Exercise aim: Take the lines below between the one holding "새로운 여성의 슬림 피트" and the one holding "Victoria Queen, Silver", inclusive, and copy them exactly. Add nothing.

--*--

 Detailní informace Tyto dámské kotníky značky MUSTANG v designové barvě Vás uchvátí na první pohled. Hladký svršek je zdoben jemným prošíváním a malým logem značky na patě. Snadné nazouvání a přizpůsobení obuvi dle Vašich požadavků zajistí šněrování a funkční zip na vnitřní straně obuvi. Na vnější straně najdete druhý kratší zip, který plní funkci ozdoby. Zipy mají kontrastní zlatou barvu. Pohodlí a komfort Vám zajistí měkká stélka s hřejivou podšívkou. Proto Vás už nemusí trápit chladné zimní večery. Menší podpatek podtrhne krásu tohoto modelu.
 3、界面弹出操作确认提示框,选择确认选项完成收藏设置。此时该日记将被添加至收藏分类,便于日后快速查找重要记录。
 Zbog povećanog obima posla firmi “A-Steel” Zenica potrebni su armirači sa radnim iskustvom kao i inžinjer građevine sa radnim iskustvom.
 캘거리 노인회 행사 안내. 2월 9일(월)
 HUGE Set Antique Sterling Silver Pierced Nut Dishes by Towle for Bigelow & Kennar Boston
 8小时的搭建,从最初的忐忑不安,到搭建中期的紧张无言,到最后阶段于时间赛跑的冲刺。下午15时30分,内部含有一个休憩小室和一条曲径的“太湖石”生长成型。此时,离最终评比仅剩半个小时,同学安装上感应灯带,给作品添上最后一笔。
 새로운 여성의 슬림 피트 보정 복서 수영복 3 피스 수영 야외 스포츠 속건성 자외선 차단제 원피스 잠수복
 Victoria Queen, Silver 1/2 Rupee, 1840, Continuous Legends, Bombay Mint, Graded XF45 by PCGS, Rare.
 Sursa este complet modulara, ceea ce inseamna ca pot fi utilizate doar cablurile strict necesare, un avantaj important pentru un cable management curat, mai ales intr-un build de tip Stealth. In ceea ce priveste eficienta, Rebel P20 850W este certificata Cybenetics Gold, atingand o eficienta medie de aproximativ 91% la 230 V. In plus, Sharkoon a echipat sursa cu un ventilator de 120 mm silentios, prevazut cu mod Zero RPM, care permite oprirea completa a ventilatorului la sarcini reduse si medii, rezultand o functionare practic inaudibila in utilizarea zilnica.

--*--

Reply:
 새로운 여성의 슬림 피트 보정 복서 수영복 3 피스 수영 야외 스포츠 속건성 자외선 차단제 원피스 잠수복
 Victoria Queen, Silver 1/2 Rupee, 1840, Continuous Legends, Bombay Mint, Graded XF45 by PCGS, Rare.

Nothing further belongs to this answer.